### PROBLEM REQUIREMENTS
Print the lines below from the line with "FINIMENTO DI OTTIMA" to the line with "Bearbeiten Sie Type, Priority, Name" exactly, keeping both ends, and print no pictures.

### PROVIDED ENTRIES
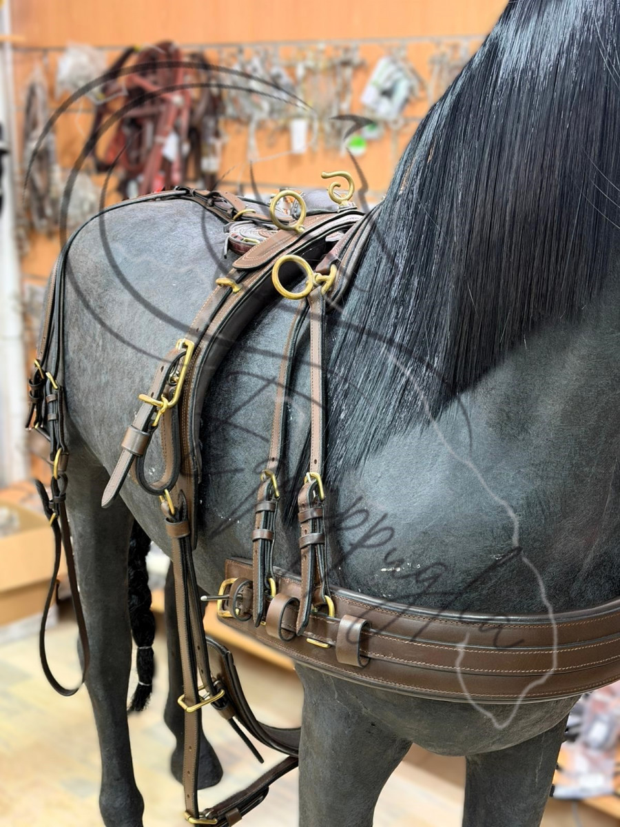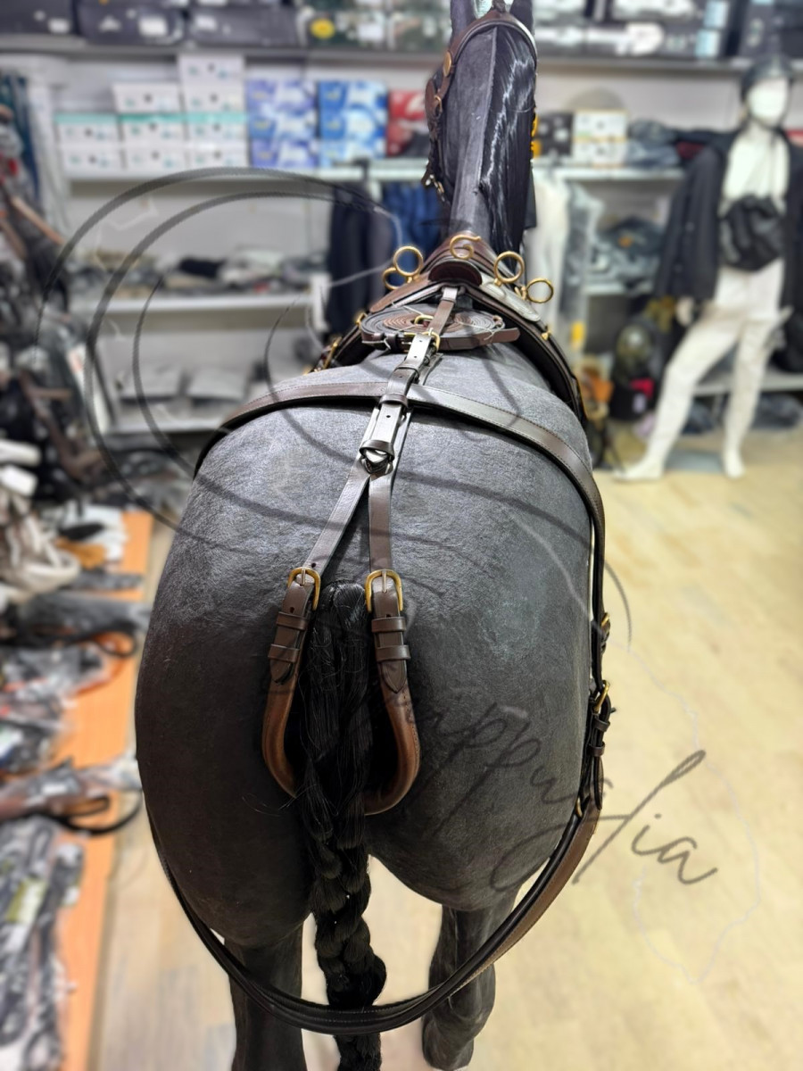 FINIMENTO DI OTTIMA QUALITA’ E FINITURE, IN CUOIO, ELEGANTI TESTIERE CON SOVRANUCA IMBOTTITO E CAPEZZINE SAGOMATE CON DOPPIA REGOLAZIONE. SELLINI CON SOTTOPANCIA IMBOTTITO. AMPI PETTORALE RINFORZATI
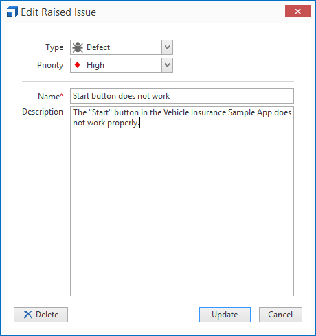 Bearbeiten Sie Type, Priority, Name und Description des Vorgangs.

--

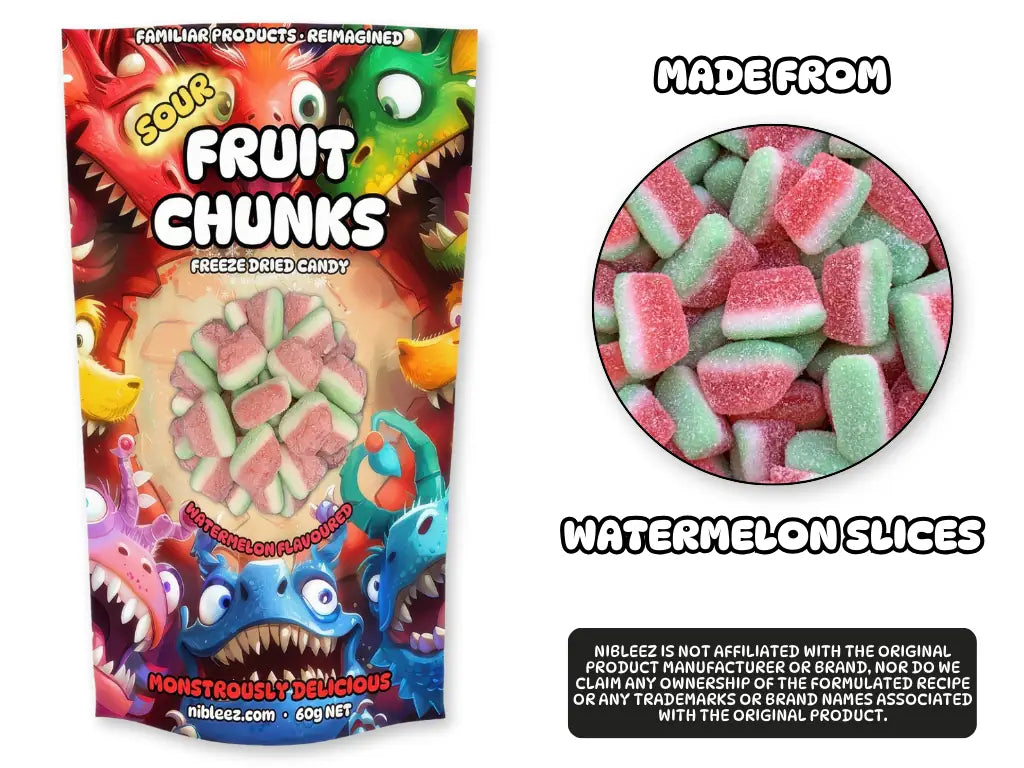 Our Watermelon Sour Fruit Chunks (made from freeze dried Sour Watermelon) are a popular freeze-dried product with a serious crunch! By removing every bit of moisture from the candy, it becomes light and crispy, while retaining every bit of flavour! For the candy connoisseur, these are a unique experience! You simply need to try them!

--

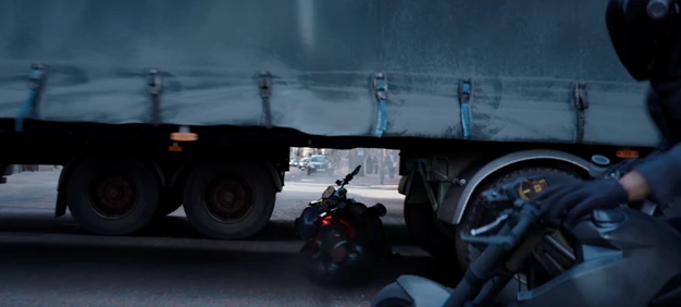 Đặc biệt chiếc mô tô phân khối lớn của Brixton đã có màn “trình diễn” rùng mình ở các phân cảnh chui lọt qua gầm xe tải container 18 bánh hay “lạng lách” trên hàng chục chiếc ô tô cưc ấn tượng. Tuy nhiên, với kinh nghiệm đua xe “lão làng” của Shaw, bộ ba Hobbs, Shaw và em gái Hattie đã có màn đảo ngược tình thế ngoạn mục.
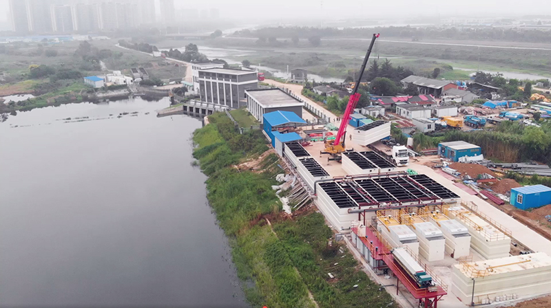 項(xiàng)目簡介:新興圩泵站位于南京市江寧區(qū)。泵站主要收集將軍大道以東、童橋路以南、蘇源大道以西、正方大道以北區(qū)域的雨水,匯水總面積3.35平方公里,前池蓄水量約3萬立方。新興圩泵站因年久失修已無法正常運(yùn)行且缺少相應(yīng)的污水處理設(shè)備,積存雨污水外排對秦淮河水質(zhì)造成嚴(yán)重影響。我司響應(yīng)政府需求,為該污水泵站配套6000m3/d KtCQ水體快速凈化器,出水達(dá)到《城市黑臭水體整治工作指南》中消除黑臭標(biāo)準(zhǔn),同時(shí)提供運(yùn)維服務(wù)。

### YOUR SOLUTION
 FINIMENTO DI OTTIMA QUALITA’ E FINITURE, IN CUOIO, ELEGANTI TESTIERE CON SOVRANUCA IMBOTTITO E CAPEZZINE SAGOMATE CON DOPPIA REGOLAZIONE. SELLINI CON SOTTOPANCIA IMBOTTITO. AMPI PETTORALE RINFORZATI
 Bearbeiten Sie Type, Priority, Name und Description des Vorgangs.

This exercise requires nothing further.